* Supplied data:
__________________________________________________
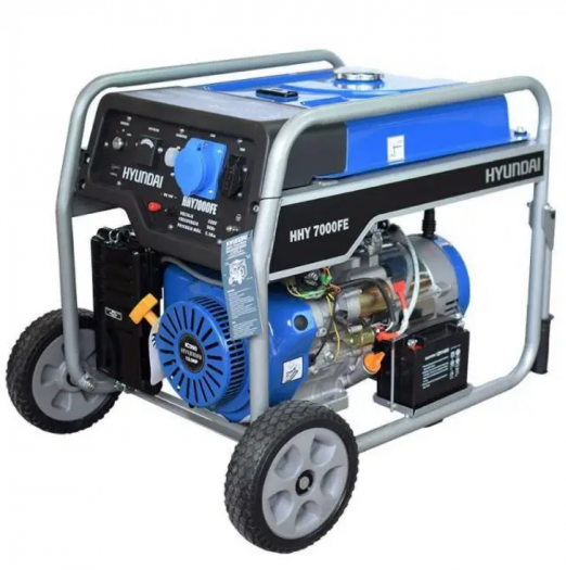 Генератора Hyundai HHY 7000 FEK максимальною потужністю 6,5 кВт має електричний і ручний стартер, великий бак з поплавком для більш тривалої роботи, чотиристоронню раму для кращого захисту і стабілізатор напруги - AVR. Панель управління має 2 розетки (постійний струм 12 В), а система контролю масла - з автоматичним відключенням двигуна. Конструкція компактна, дозволяє зручно переносити за рахунок набору коліс і ергономічних висувних ручок. Аналоговий дисплей показує частоту та напругу та забезпечує кращий контроль. Датчик рівня масла викликає автоматичну зупинку в разі нестачі масла. Він захищений від перевантаження.
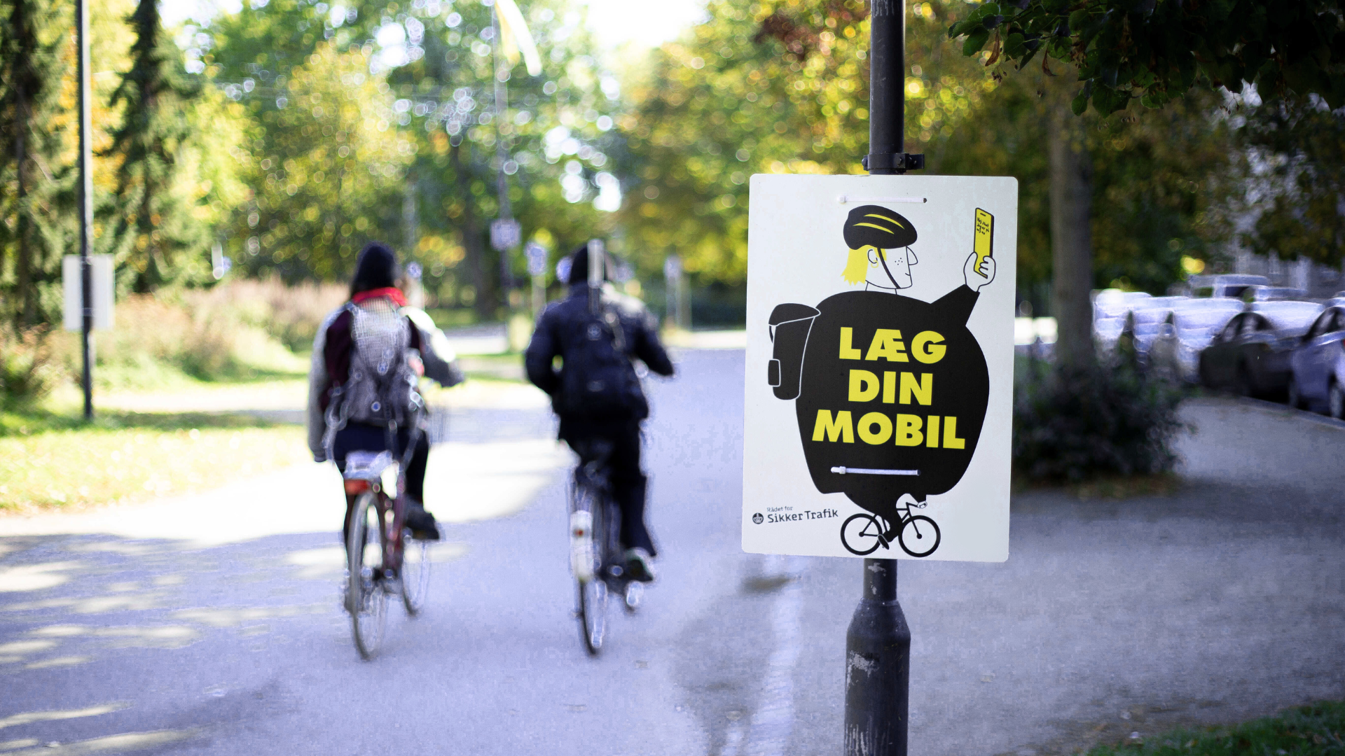 Vær opmærksom når du cykler. Gem mobilen væk. Randers Kommune deltager i Rådet for Sikker Trafiks nye cykelkampagne og sætter plakater i vejsiden for at gøre opmærksom på dette.
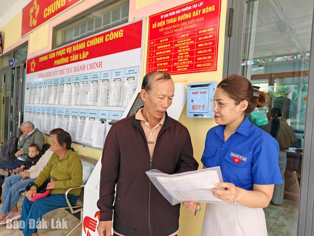 Tại Trung tâm Phục vụ hành chính công phường Tân Lập, người dân đến giao dịch được hướng dẫn bốc số tự động. Điểm đặc biệt khiến nhiều người ấn tượng là ngay tại khu vực ngồi chờ có góc nước uống, cà phê và sạc điện thoại miễn phí, kèm tủ sách pháp luật, màn hình hướng dẫn đăng ký VNeID mức độ 2. Trước cửa vào Trung tâm là hình ảnh các đoàn viên thanh niên túc trực, sẵn sàng hỗ trợ người dân khi cần. Những chi tiết tưởng chừng rất nhỏ, nhưng đủ để người dân cảm nhận được sự gần gũi, thân thiện và tinh thần phục vụ từ chính quyền cơ sở. Chị Nguyễn Ngọc Thanh Vân (trú TP. Buôn Ma Thuột) đến làm thủ tục chuyển đổi quyền sử dụng đất tại phường Tân Lập, bày tỏ: “Tôi được hướng dẫn rất nhiệt tình. Ngồi chờ còn được uống cà phê miễn phí. Khi đến lượt, cán bộ làm việc nhanh, thái độ niềm nở”.
__________________________________________________
Exact repetition of the material above is required, with the images removed.

 Генератора Hyundai HHY 7000 FEK максимальною потужністю 6,5 кВт має електричний і ручний стартер, великий бак з поплавком для більш тривалої роботи, чотиристоронню раму для кращого захисту і стабілізатор напруги - AVR. Панель управління має 2 розетки (постійний струм 12 В), а система контролю масла - з автоматичним відключенням двигуна. Конструкція компактна, дозволяє зручно переносити за рахунок набору коліс і ергономічних висувних ручок. Аналоговий дисплей показує частоту та напругу та забезпечує кращий контроль. Датчик рівня масла викликає автоматичну зупинку в разі нестачі масла. Він захищений від перевантаження.
 Vær opmærksom når du cykler. Gem mobilen væk. Randers Kommune deltager i Rådet for Sikker Trafiks nye cykelkampagne og sætter plakater i vejsiden for at gøre opmærksom på dette.
 Tại Trung tâm Phục vụ hành chính công phường Tân Lập, người dân đến giao dịch được hướng dẫn bốc số tự động. Điểm đặc biệt khiến nhiều người ấn tượng là ngay tại khu vực ngồi chờ có góc nước uống, cà phê và sạc điện thoại miễn phí, kèm tủ sách pháp luật, màn hình hướng dẫn đăng ký VNeID mức độ 2. Trước cửa vào Trung tâm là hình ảnh các đoàn viên thanh niên túc trực, sẵn sàng hỗ trợ người dân khi cần. Những chi tiết tưởng chừng rất nhỏ, nhưng đủ để người dân cảm nhận được sự gần gũi, thân thiện và tinh thần phục vụ từ chính quyền cơ sở. Chị Nguyễn Ngọc Thanh Vân (trú TP. Buôn Ma Thuột) đến làm thủ tục chuyển đổi quyền sử dụng đất tại phường Tân Lập, bày tỏ: “Tôi được hướng dẫn rất nhiệt tình. Ngồi chờ còn được uống cà phê miễn phí. Khi đến lượt, cán bộ làm việc nhanh, thái độ niềm nở”.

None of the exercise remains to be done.